The Big Batch Strategy for Lazy Weeknights
Spend less time cooking and more time relaxing with this big batch meal prep.
Prep Time
30 mins
Cook Time
45 mins
Servings
8
Difficulty
Easy
Nutrition Facts
350
Calories
28g
Protein
20g
Carbs
16g
Fat
Ingredients
- 2 lbs ground turkey (or chicken for a change)
- 1 large onion, diced
- 3 cloves garlic, minced
- 1 red bell pepper, chopped
- 1 green bell pepper, chopped
- 1 can (14.5 oz) diced tomatoes with juice
- 2 cups chicken broth
- 1 tsp dried oregano
- 1 tsp dried basil
- 1/2 tsp red pepper flakes (optional for some heat)
- 1 cup frozen corn kernels
- Salt and pepper, to taste
Instructions
- 1
Preheat your oven to 375°F. Grab a large baking dish.
- 2
In a large skillet over medium-high heat, cook the ground turkey until browned. Drain any excess fat.
- 3
Add diced onions and minced garlic to the same skillet. Cook until softened, about 4-5 minutes.
- 4
Stir in chopped bell peppers, diced tomatoes with their juice, chicken broth, oregano, basil, red pepper flakes (if using), and frozen corn kernels. Season with salt and pepper.
- 5
Bring the mixture to a simmer, then transfer it to your prepared baking dish.
- 6
Cover the dish with aluminum foil and bake for 25 minutes.
- 7
Remove the foil and continue cooking for another 10-15 minutes until the top is bubbly and slightly golden.
- 8
Let cool slightly before serving. Great as leftovers or meal prep.
So you're craving something tasty but too lazy to spend forever in the kitchen, huh? Same.
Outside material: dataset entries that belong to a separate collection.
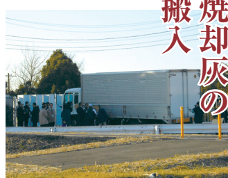
▲焼却灰の搬入車両

千葉県は、昨年12月20日、「松戸市、柏市、流山市の焼却灰の一時保管施設への搬入を開始する」と報道発表しました。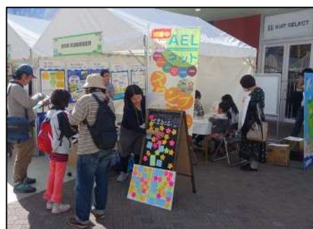
Let's エコアクションの様子

また、「知ってる? あいちのうみのコト啓発パネル」の展示、参加者による「メッセージボードへの海洋ごみ対策行動宣言の掲示」などを行い、海ごみ問題への理解を深めていただきました。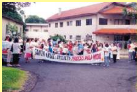
A realidade que nos desafia.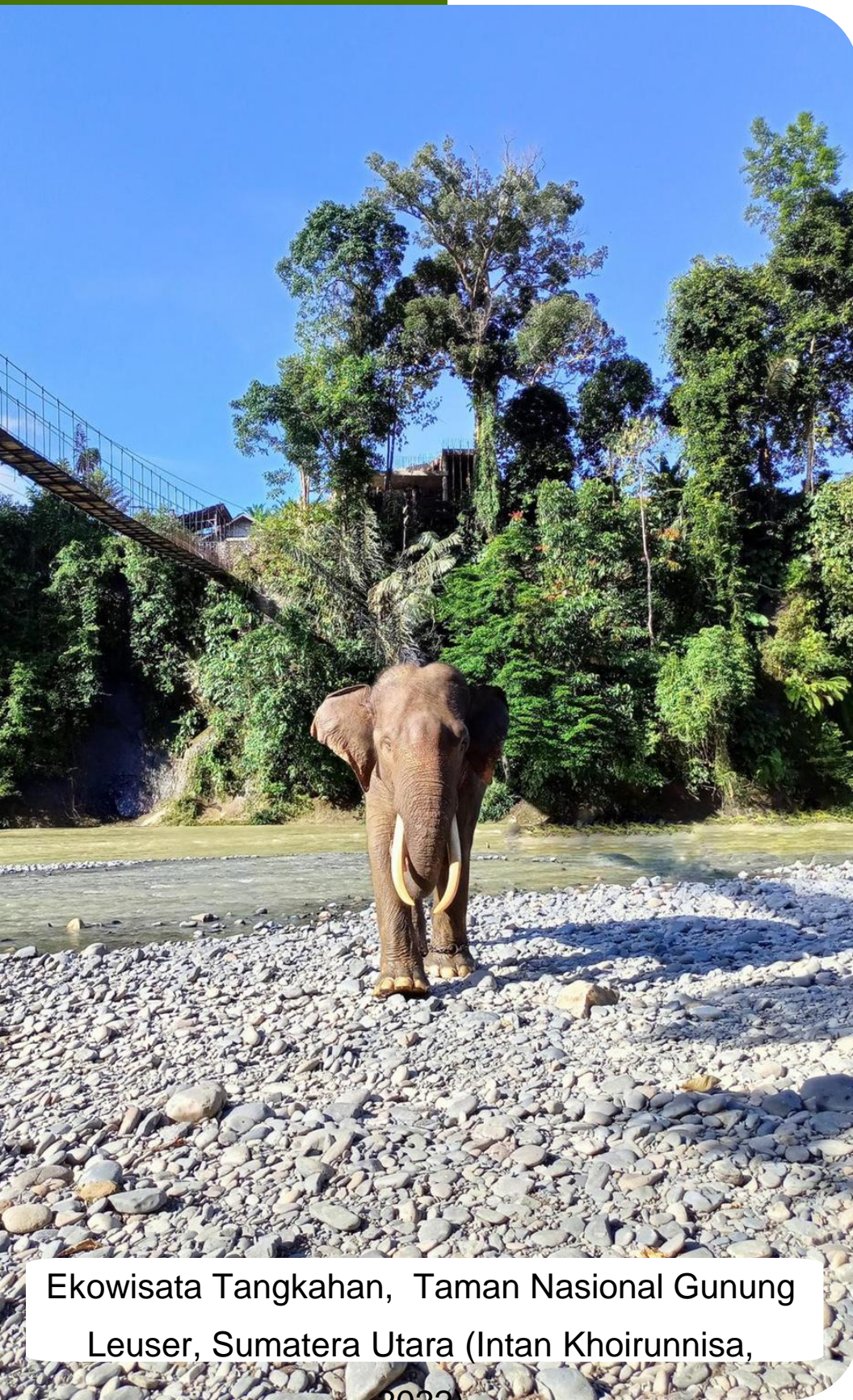
Ekowisata Tangkahan, Taman Nasional Gunung Leuser, Sumatera Utara (Intan Khoirunnisa, 2022)

That's where this big batch recipe comes in—spend just a few hours on meal prep and enjoy easy weeknight dinners for days.
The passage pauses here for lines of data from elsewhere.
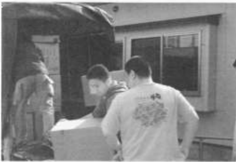
南相馬の施設に支援物資配送の様子

震災直後より、定期的に被災地支援に行っています。6月3日(金)深夜から6月5日(日)早朝まで泊3日で宮城県石巻市湊町方面と福島県南相馬市方面で支援活動を行いました。支援の様子や震災後3カ月後の様子を納めた記録DVDを作成しています。視聴を希望する方は、ご連絡ください。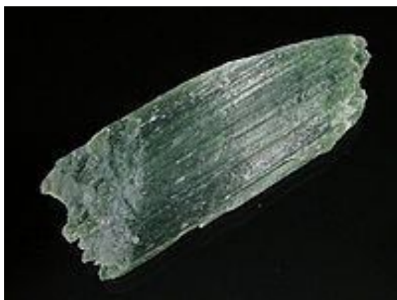
Rys. 3. Azbest chryzotylowy.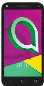
21.01 EUR Alcatel U58GB DualSIM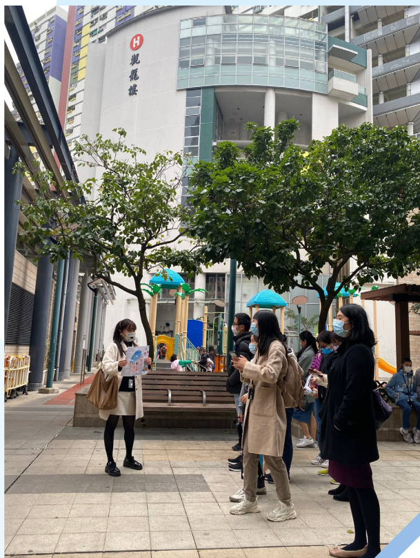
展城馆之友每月导赏团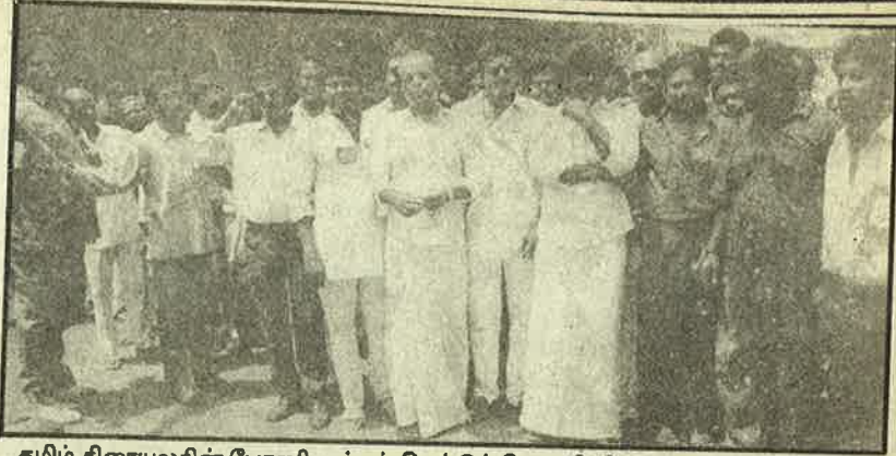
தமிழ் திரையுலகின் பேரணி: மக்கள் கெட்டுப் போக சினிமா காரணமில்லையாம்!

வழக்கமாக மாமூல் வாங்கிக் கொண்டு திடீரென்று கணக்கு காட்டுவ தற்காகப் பிடித்துக் கொண்டு போகும் போலீசை அசிங்கம், அசிங்கமாக நடுவீதியில் கேள்வி கேட்கும் சாராய வியாபாரியைப் போல கோடம்பாக்கம் சினிமா இப்போது கேட்கிறது. இருந்தாலும் இந்தக் கேள்விக்கு தணிக்கை பதில் சொல்லியே தீர வேண்டும். பழைய சட்டப் படியே "இந்து" என்ற ஆபாசப்படம் (தணிக்கைக் குழுவில் உள்ள பெண் உறுப்பினர் இல்லாத நேரம் பார்த்து) அனுமதிக்கப்பட்டது எப்படி? மூட நம்பிக்கைகளைத் தடுத்து விஞ்ஞான சிந்த

Why This Recipe is Awesome
- Effortless—Cook once, eat many times. Perfect for busy weekdays.
- Versatile—Use ground turkey or chicken depending on your mood.
- Customizable—Add more veggies like spinach or zucchini to boost the nutrition and flavor.
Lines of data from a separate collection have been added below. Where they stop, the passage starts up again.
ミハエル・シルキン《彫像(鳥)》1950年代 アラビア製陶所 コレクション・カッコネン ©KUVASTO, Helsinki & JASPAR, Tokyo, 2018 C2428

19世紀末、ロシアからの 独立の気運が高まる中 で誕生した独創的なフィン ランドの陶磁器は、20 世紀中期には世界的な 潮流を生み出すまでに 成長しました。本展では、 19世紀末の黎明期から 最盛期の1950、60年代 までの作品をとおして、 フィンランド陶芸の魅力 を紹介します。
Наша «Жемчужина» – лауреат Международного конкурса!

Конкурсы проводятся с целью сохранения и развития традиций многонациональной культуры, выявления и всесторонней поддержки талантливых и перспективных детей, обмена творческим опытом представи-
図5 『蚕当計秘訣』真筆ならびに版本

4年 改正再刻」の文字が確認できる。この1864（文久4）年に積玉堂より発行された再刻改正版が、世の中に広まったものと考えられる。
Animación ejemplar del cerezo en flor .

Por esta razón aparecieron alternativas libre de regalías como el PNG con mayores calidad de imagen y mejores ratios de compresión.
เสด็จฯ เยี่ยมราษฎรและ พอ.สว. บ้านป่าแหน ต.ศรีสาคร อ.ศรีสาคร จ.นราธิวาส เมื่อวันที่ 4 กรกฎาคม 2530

- Cost-effective—Buying in bulk means you save money without sacrificing quality.
Common Mistakes to Avoid
- Not preheating the oven—it’s essential for achieving that golden, bubbly top layer.
- Skipping the seasoning—salt and pepper are your friends. Don’t be afraid to season well!
- Overcooking the veggies—chop them finely so they cook quickly without turning mushy.

Alternatives & Substitutions
Want a meat-free option? Substitute ground turkey with cooked quinoa or lentils for a protein-packed vegetarian version.
Short on time? Use pre-chopped onions and peppers from the grocery store to speed up your prep time.
Feeling spicy? Add more red pepper flakes to give it an extra kick. You can also mix in some hot sauce before serving.
FAQ (Frequently Asked Questions)
Can I freeze this dish for later use? Absolutely! Portion into freezer-safe containers and store for up to 3 months. Just reheat in the microwave or oven when ready to eat.
Is it okay if my vegetables aren’t perfectly chopped? Yes, but aim for consistency so everything cooks evenly. Larger chunks will take longer to cook than smaller pieces.
How long does this recipe keep in the fridge? Up to 4 days when stored properly in an airtight container.

Final Thoughts
Now go impress someone—or yourself—with your new culinary skills. You've earned it! Lazy cooking has never been this delicious or efficient.